• Course Assignment: Group Article Presentation and Extension Activities/Discussion

    Students and instructors explore the latest research regarding early childhood education focused on equity, diversity and inclusion (Black Lives Matter in early childhood education, refugees, immigrants, etc.). We create a repository of this scholarship on our learning management system and use these articles across the semester to inform presentations and course reflections. Students present in groups one article from this repository or another article they select- comparing research, data, findings, conclusion, and implications for practice.
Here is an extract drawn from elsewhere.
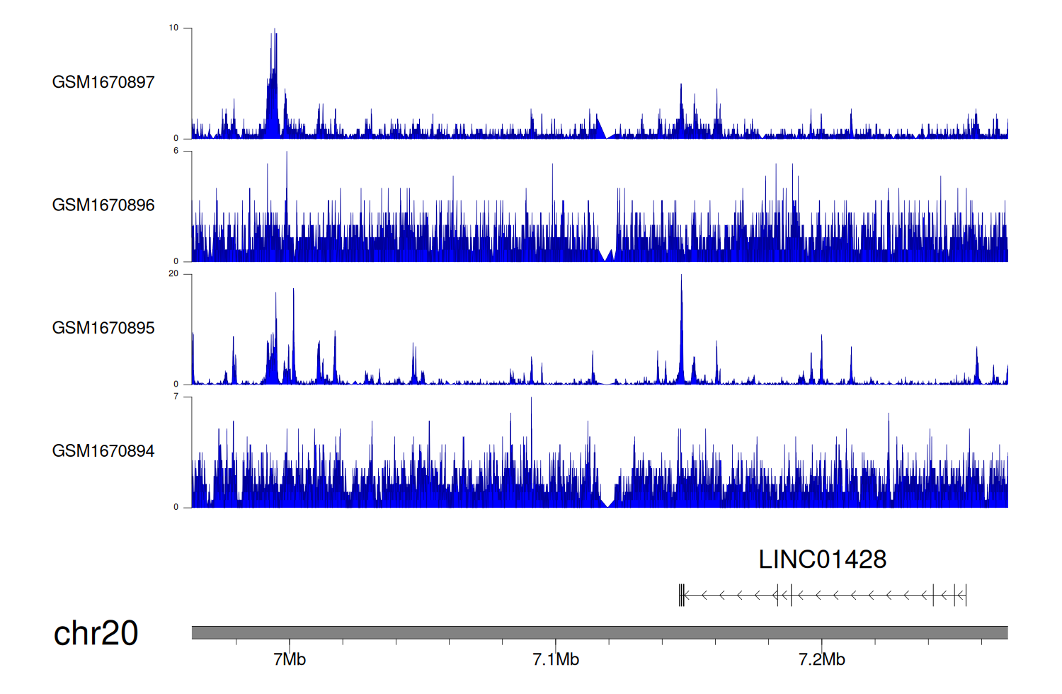 > Dataset: GSE68402 - LINC01428 peak across samples

Following the presentations, all students read the additional articles chosen by their peers to collectively deepen our understanding of this scholarship.

  • Course Assignment- Child and Development Observations

    Students conduct virtual observations of diverse children -infants, toddlers and preschool aged children- to understand better the diversity of human development in the early years. To be fully prepared to meet inclusively and equitably the needs of the diversity of children in the communities they will serve and the stakeholders with whom they will work, CI students must be able to recognize, articulate and connect the learning from the course. They must be able to connect the developmental theories they will read about, analyze, and reflect across the duration of the course to their work with students and their lived-lives to find real-world application for relevant scholarship.
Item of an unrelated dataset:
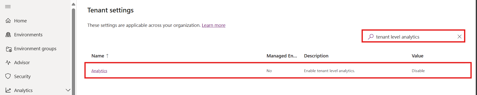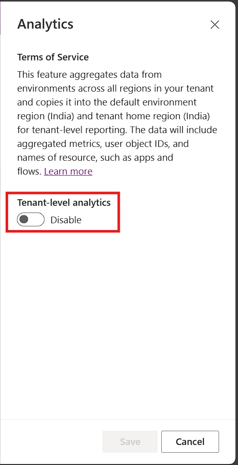 Here, you can see Tenant level analytics is disabled.

  • Course Assignment: Children's Literature Annotated Bibliography

    To complete this assignment, students explore, select, and create an annotated bibliography of 10 children’s books that offer diverse perspectives, represent diverse voices, and highlight the work of diverse authors. The selections will be justified in the annotations and must be appropriate for children 3-8 years. The books must depict and/or represent diversity in terms of at least one of the following aspects: culture, gender, familial structure, socioeconomic status, or linguistic backgrounds. The annotated bibliography provides detailed citations (so fellow students can locate the books), provide a summary of the book, and explain how diversity is depicted and/or represented by the book.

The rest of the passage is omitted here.